§ **REQUIRED ACTION**
What needs reproducing is the run of lines in the data below starting at the line with "Moz ist eine" and ending at the line with "21111 Byron Road", both ends included. Copy it exactly, without pictures, and add nothing.
──────── RECORDS FOR THIS TASK
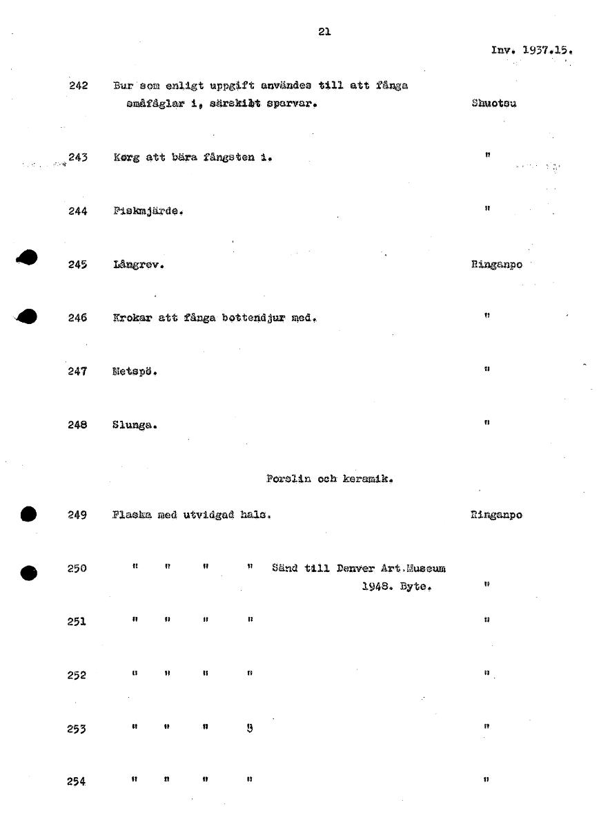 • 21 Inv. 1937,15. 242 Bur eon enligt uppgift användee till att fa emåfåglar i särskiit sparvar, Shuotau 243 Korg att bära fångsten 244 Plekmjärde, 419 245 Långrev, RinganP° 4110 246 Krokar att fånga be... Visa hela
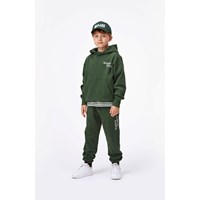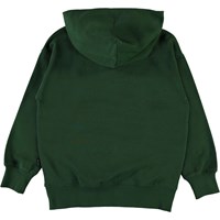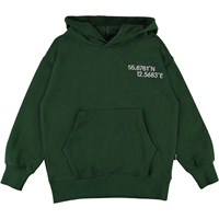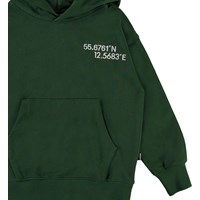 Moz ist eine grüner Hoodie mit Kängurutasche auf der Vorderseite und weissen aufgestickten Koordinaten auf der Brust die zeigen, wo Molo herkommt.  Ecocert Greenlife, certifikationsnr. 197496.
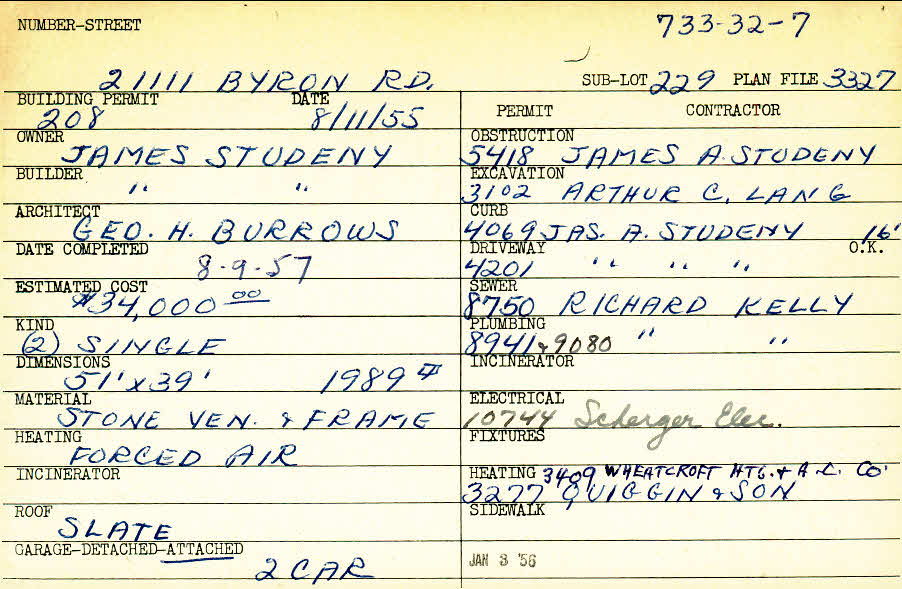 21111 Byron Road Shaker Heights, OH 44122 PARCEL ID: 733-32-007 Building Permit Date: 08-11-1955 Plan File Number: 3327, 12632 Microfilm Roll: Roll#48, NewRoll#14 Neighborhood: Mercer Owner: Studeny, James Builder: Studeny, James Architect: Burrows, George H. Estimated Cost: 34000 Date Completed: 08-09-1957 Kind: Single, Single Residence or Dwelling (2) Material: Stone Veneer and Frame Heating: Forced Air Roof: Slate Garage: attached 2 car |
────────────────
──────── RECORDS FOR THIS TASK
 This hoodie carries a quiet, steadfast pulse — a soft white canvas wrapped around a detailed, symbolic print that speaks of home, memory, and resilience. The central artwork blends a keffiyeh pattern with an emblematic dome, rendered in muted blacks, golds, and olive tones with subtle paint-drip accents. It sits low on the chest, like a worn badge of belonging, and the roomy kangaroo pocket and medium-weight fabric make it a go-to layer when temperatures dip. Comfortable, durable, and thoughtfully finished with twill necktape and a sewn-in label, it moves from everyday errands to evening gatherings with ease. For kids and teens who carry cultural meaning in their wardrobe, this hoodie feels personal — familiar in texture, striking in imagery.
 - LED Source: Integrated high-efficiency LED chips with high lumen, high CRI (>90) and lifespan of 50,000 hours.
────────────────
§ **ANSWER FOR THIS EXERCISE**
 Moz ist eine grüner Hoodie mit Kängurutasche auf der Vorderseite und weissen aufgestickten Koordinaten auf der Brust die zeigen, wo Molo herkommt.  Ecocert Greenlife, certifikationsnr. 197496.
 21111 Byron Road Shaker Heights, OH 44122 PARCEL ID: 733-32-007 Building Permit Date: 08-11-1955 Plan File Number: 3327, 12632 Microfilm Roll: Roll#48, NewRoll#14 Neighborhood: Mercer Owner: Studeny, James Builder: Studeny, James Architect: Burrows, George H. Estimated Cost: 34000 Date Completed: 08-09-1957 Kind: Single, Single Residence or Dwelling (2) Material: Stone Veneer and Frame Heating: Forced Air Roof: Slate Garage: attached 2 car |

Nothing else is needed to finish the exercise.